25 Feb 2022 , 11:00 AM
Ugro Capital Limited has received a copy of re-affirmation and upgradation of rating from Acuite Ratings and Research Limited on February24, 2022.
Acuité has upgraded the long-term rating to ‘Acuite A+’ from ‘Acuite A’ on the Rs157.85 crore proposed non-convertible debentures of Ugro Capital Limited. The outlook is revised to ‘Stable’ from ‘Positive’. Acuité has upgraded the long-term rating to ‘Acuite A+’ from ‘Acuite A’ on the Rs1100 crore bank loan facilities of Ugro Capital Limited.
The outlook is revised to ‘Stable’ from ‘Positive’.
The credit rating agency has upgraded the long-term rating to ‘Acuite A+’ from ‘Acuite A’ on the Rs450 crore non-convertible debentures of Ugro. The outlook is revised to ‘Stable’ from ‘Positive’. Acuité has upgraded the short-term rating to ‘Acuite A1+’ from ‘Acuite A1’ on the Rs180 crore Commercial Paper Programme of Ugro.
The company stock wa sin demand on Friday amid bullish markets. At around 11.05 am, Ugro Capital Limited was trading at Rs180 per piece up Rs10.15or 5.98% on the BSE.
Acuité has reaffirmed the short-term rating to ‘Acuite A1+’ from ‘Acuite A1’ on the Rs45 crore proposed Commercial Paper Programme of Ugro. It has upgraded its long-term rating to ‘Acuite PP-MLD A+’ (Principal Protected Market Linked Debentures) from ‘Acuite PP-MLD A’ on the Rs25 crore principal protected market linked debentures of the company. The outlook is revised to ‘Stable’ from ‘Positive’.
The credit rating agency has reaffirmed the long-term rating of ‘Acuite PP-MLD AA+(CE)’ on the Rs139.70 crore principal protected market linked debentures of the company. The outlook is ‘Stable’.
Rating Rationale of the Issuer
The upgrade in rating takes into consideration sustained and calibrated growth in AUM with diversified (product and geography) asset mix and continued focus to expand across all channels viz. branch-led, ecosystem and partnership & alliances, demonstrated resource raising ability with granular liability franchise to cushion finance cost and support; the NIM and profitability, though modest, are expected to improve, augmented by business growth.

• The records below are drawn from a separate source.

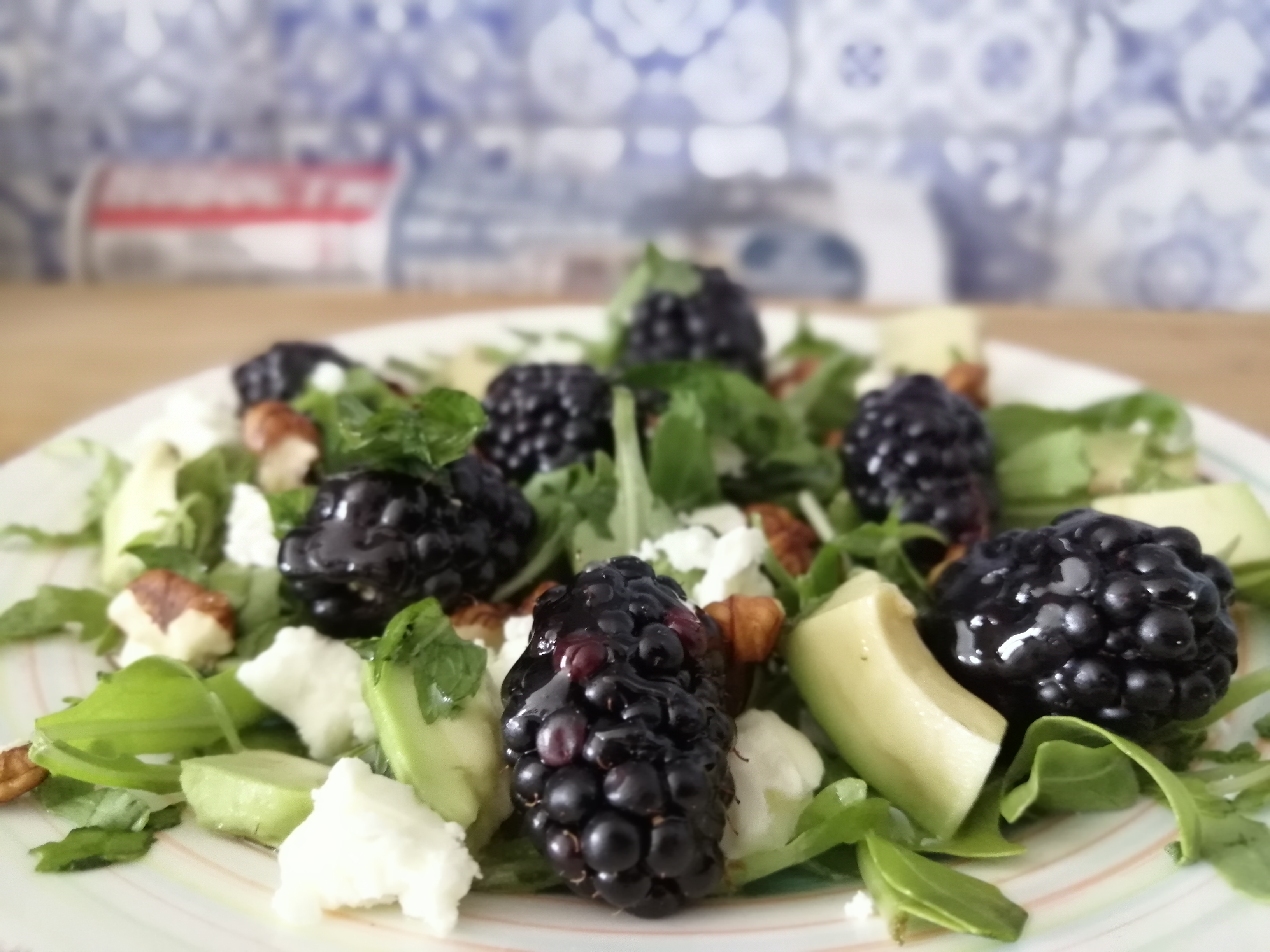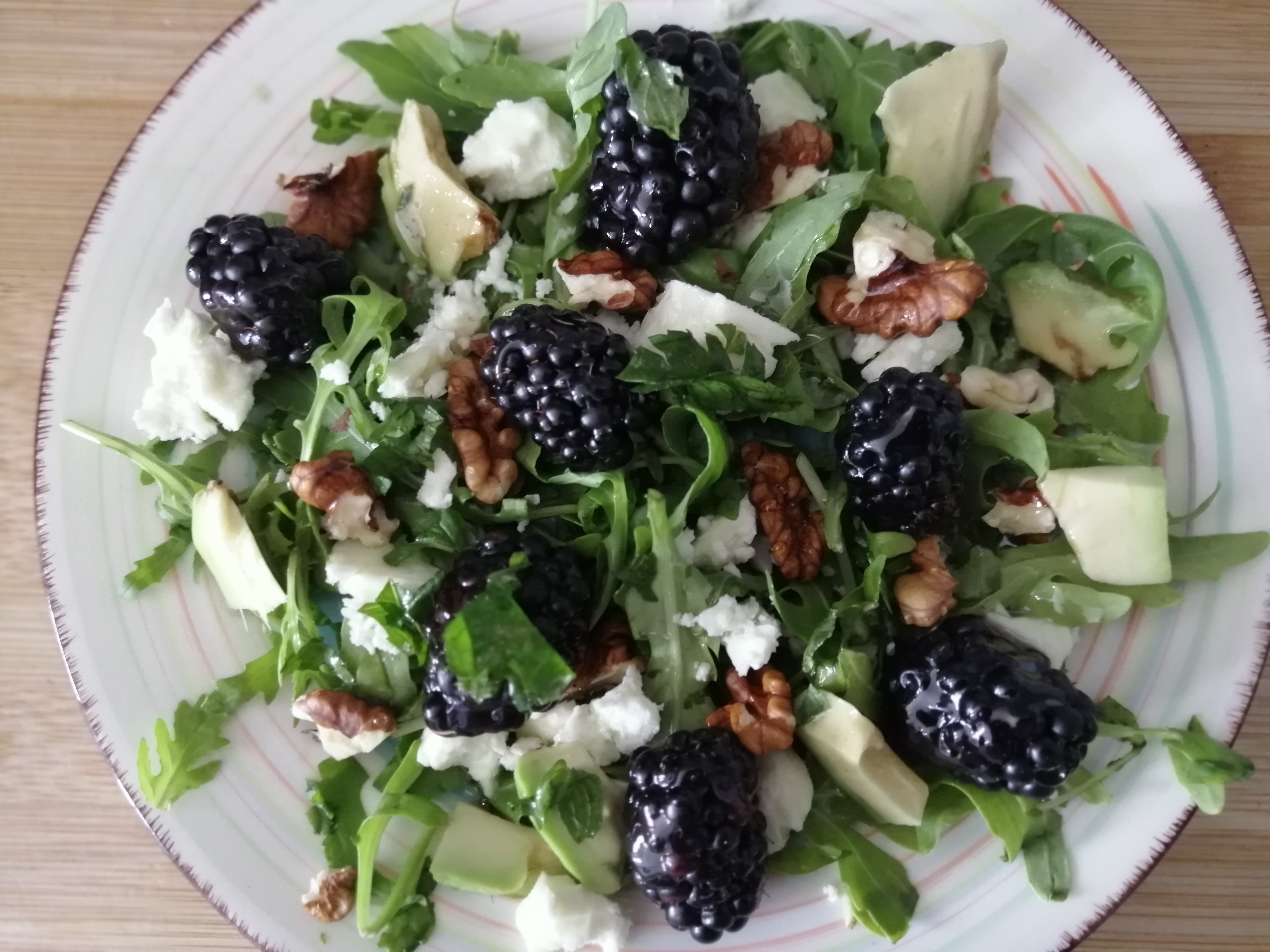 Салата се припрема једноставно, а за почетак се опере рукола, оцеди и распореди по тањиру. Купине се, такође, оперу и поређају по руколи. Козји сир се прстима измрви.
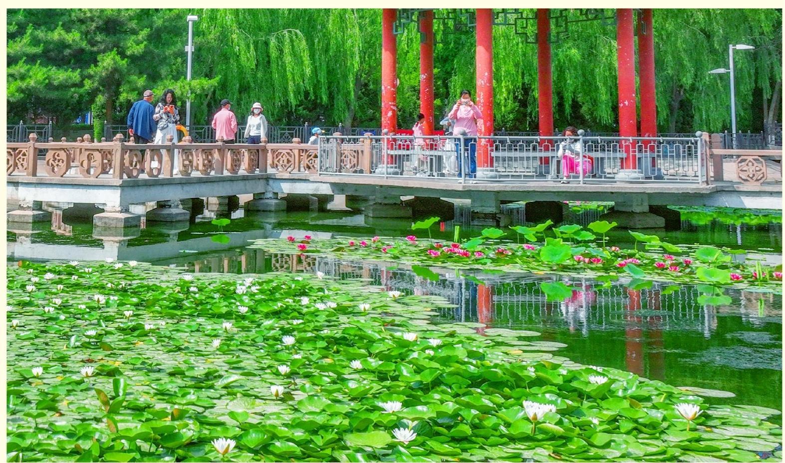 浮萍增采色,轻压绿池莲。近日,我市雄关公园内,朵朵睡莲贴着水面竞相盛开,精致的花瓣、妩媚的色彩,为夏日池塘增添生趣,令人赏心悦目,心旷神怡。
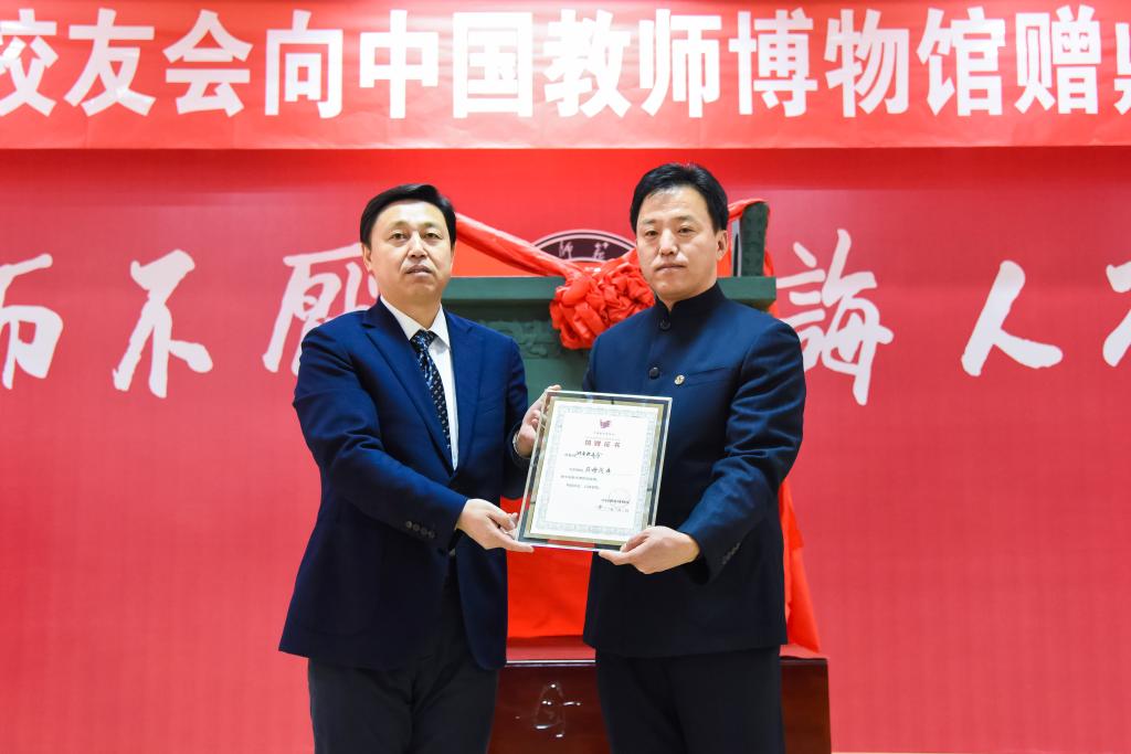 校长张洪海向河南校友会副秘书长、我校中文系1987级校友李国颖颁授捐赠证书
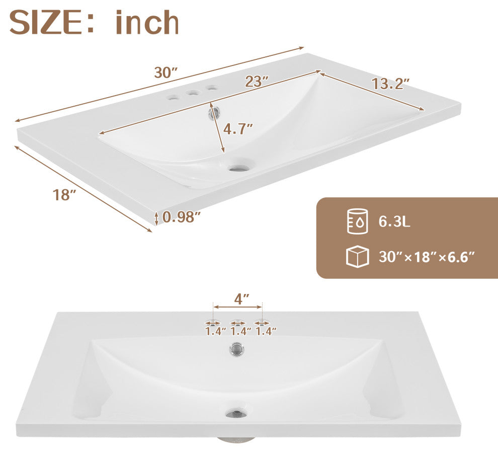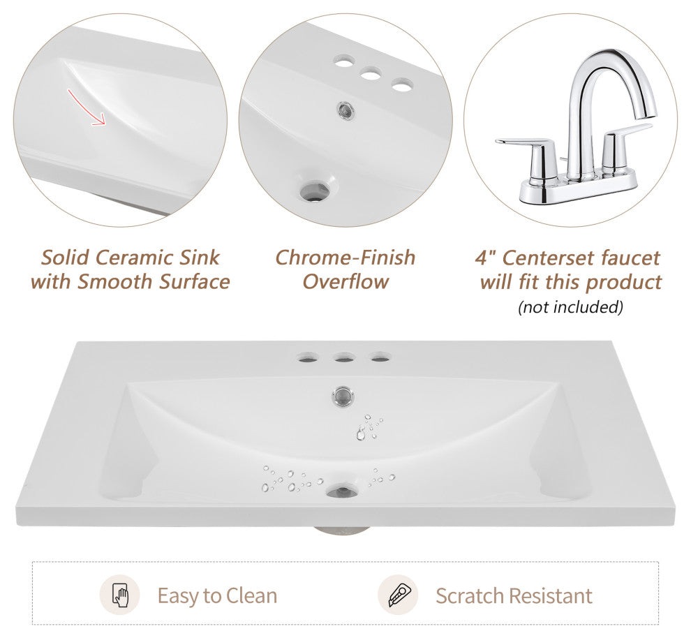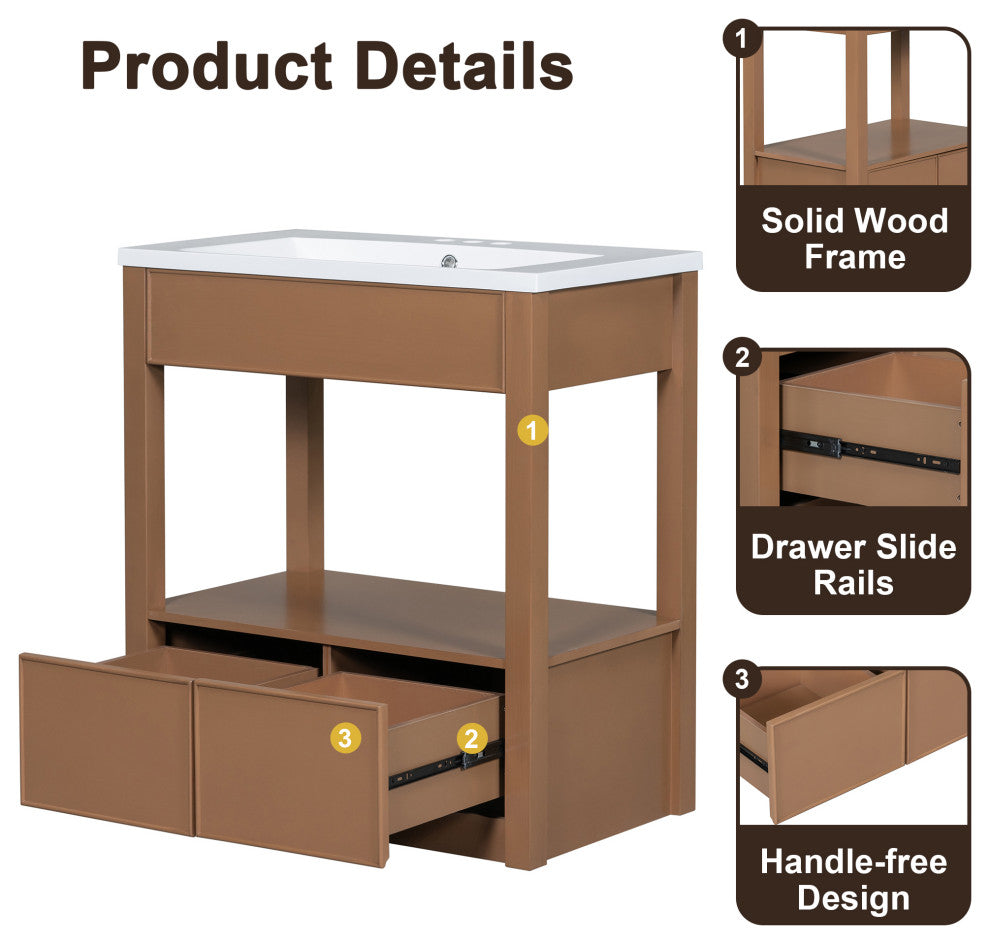 Elegant Ceramic Sink: The vanity features a solid ceramic sink in a sleek white finish, equipped with an overflow and three pre-drilled faucet holes. Designed for ease of cleaning, this sink allows you to maintain its shine effortlessly. An 4" faucet (not included) will fit perfectly, adding to the vanity''s functionality.• Stylish Design and Practical Details: This vanity showcases a natural body with a random wood grain pattern, blending beauty with practicality. The open construction in the middle enhances airflow and accessibility, while the open back design simplifies plumbing installation, making it a stylish yet functional addition to your bathroom.• Ample Storage Space: Designed for optimal organization, this bathroom vanity features an open shelf and two drawers equipped with smooth slide rails. Store your soaps, towels, shampoos, and other essentials conveniently, keeping them organized and dust-free, while maximizing your bathroom''s functionality.• Durable Material Construction: Crafted from solid wood and MDF boards, this 30" bathroom vanity ensures exceptional stability and longevity. The painted finish not only enhances its aesthetic appeal but also provides a waterproof and stain-resistant surface, making it easy to clean and maintain for years of use.• Convenient One Package Assembly: This bathroom vanity comes in one package for easy transport and assembly. All necessary hardware and an instruction manual are included, making the installation process straightforward. Enjoy the satisfaction of setting up your new vanity and enhancing your bathroom decor effortlessly.• Includes: One (1) Bathroom VanityMaterial: Solid Rubber Wood + MDF Board + CeramicColor: Multiple OptionsAssembly RequiredDimensions: 30.00 inches wide x 18.00 inches deep x 34.00 inches high
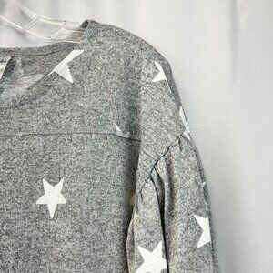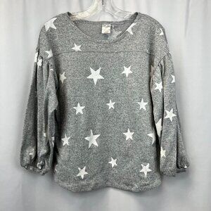 Moda Womens Gray White Star Print Long Sleeves Pullover Sweatshirt Size Medium
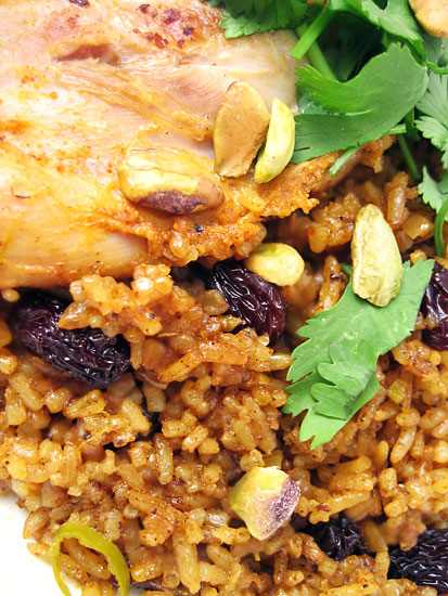 ผัดไปเรื่อยๆ ขูดก้นๆหม้อให้ออกมาให้หมด จนเริ่มแห้ง (ชิมรสเพิ่มเครื่องได้ตอนนี้) รอจนหอมใสเครื่องเข้ากันดีเกือบเป็น paste 4. นำข้าวที่หุงเครื่องเทศไว้มาคลุกให้เข้ากัน ตามด้วยนมสดที่อุ่นกับ Saffron (นม 1/4 ถ้วย Saffron 1/2 ช้อนชา) ลูกเกดและเม็ดมะม่วงฯคั่ว ผัดจนเข้ากันดี กวาดข้าวไปข้างนึงของหม้อแล้วเรียงไก่ลงไปที่ก้นหม้อ กลบไก่ด้วยข้าว ปิดฝา เข้าเตาอบ 350F ครึ่งชั่วโมงก่อนจะรับประทาน โรยผักชีซอยก่อนเสิร์ฟ ถ้าจะทานแบบพี่แขกจริงๆ ต้องทำ raita recipe มากินประกอบ
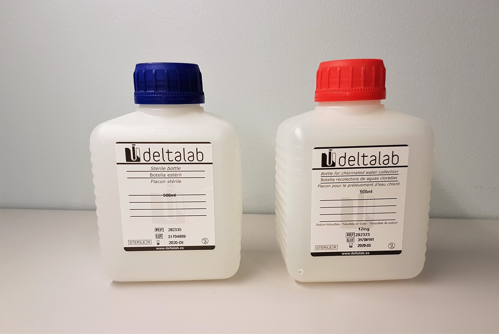 1000ml flaske med rød topp er også tilsatt thiosulfat. Denne flasken brukes hovedsaklig til to ulike formål; prøver av is og dusjanlegg. Tapen som sitter over lokket garanterer at flasken er uåpnet før bruk.
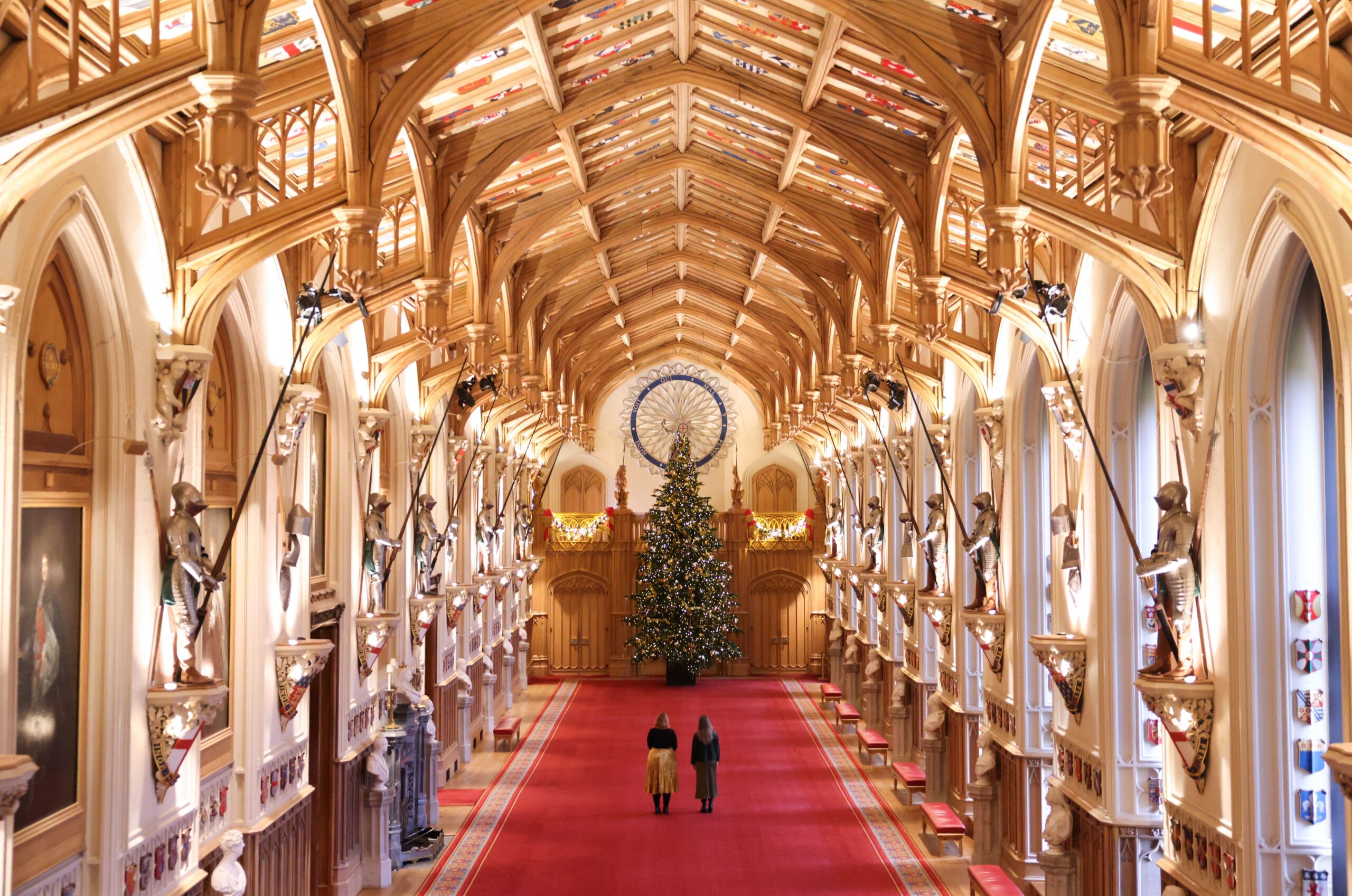 In St George’s Hall, the largest room in the Castle, a towering, 20-foot-high Nordmann fir tree grown in Windsor Great Park will be decked with over three thousand sparkling lights and shimmering green and gold ornaments, while dramatic garlands will adorn the room’s balconies beneath the famous vaulted ceiling.
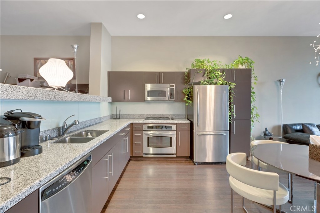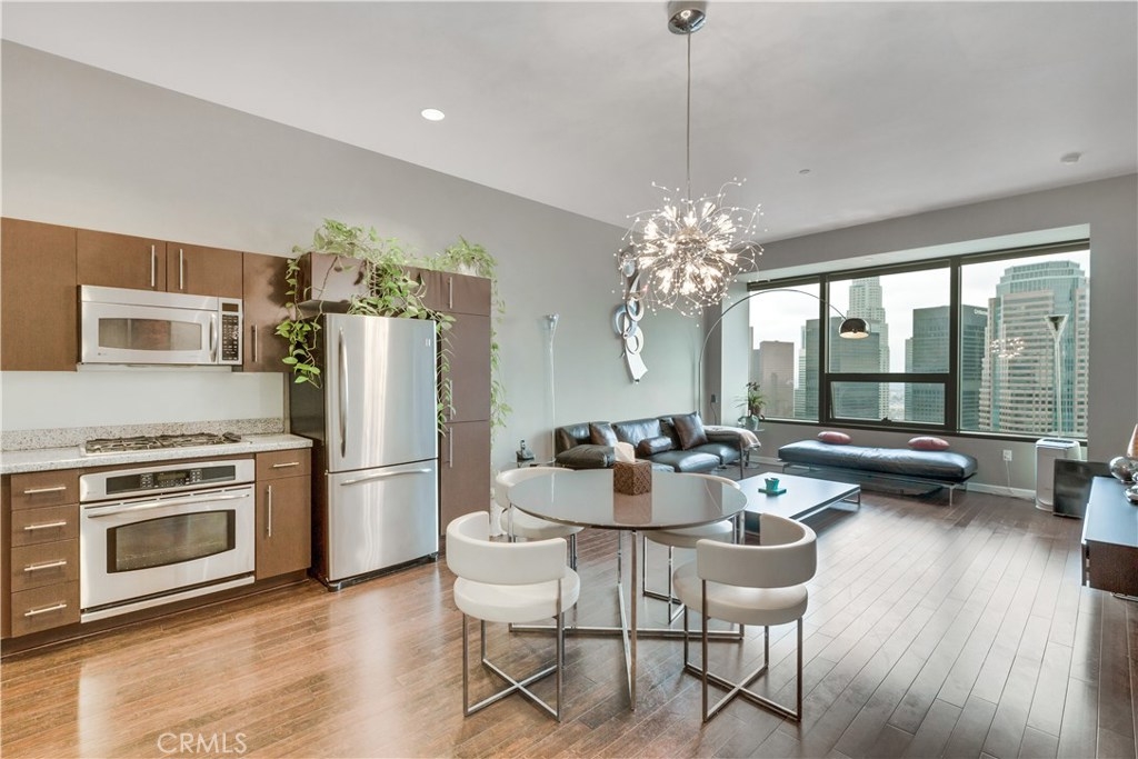 Come and enjoy the full-service amenities of the iconic 1100 Wilshire Building and live on 36 stories above DTLA with its stunning premier luxury high-rise views. The highly sought luxury unit includes a unique open floor plan combining kitchen, dining and living area where you can entertain in style with incredible views of Downtown skyline. The master bedroom is a sanctuary offering views, lavish bath with separate tub and shower, dual sinks and dressing area with vanity and walk-in closet. Elevated loft bedroom with walkin closet, modern kitchen with stainless stainless appliances , wood flooring, separate laundry room and 2 Premium Reserved Parking complete this impeccable home. Resort-style indoor-outdoor amenities include : 17th floor sky deck, infinity pool, elevated spa, cabanas, fire pit , & BBQ grills, loungers and private entertaining areas; 3rd floor includes fitness center and conference room, movie theater, and 24 hour attended lobby. Conveniently located near world class dining, fashion district, Staples Center, LA Live, Museums, USC, and many more LA iconic attractions.
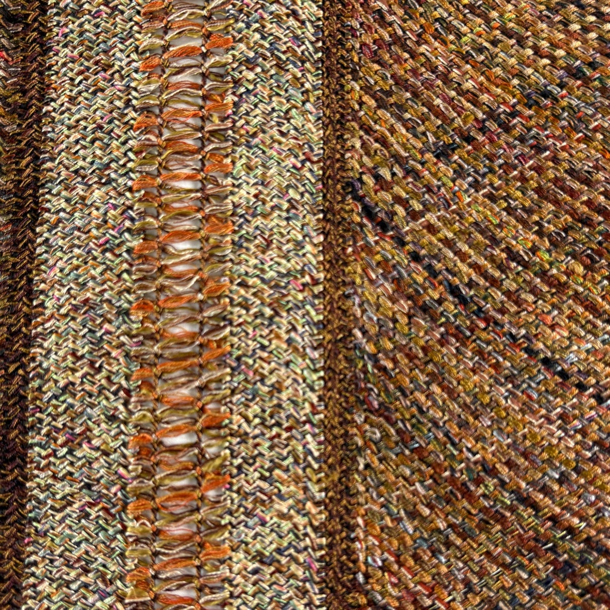 【美品】 袋帯 秀品 縞 斜め格子 茶色 全通 正絹

The rating continues to takes into account the governance framework of UGRO wherein the majority of the Board comprises of Independent Directors and nominee directors (three Private Equity Investors) coupled with an experienced management team. The rating also factors in the high capitalization levels and low gearing levels. The capital adequacy ratio stood at 36% as on December 31, 2021 and 65% as on March 31, 2021 (March 31, 2020: 88%) coupled with moderate gearing of 1.84 times as on December 31, 2021 and 0.80 times as on March 31, 2021 (March 31, 2020: 0.28 times).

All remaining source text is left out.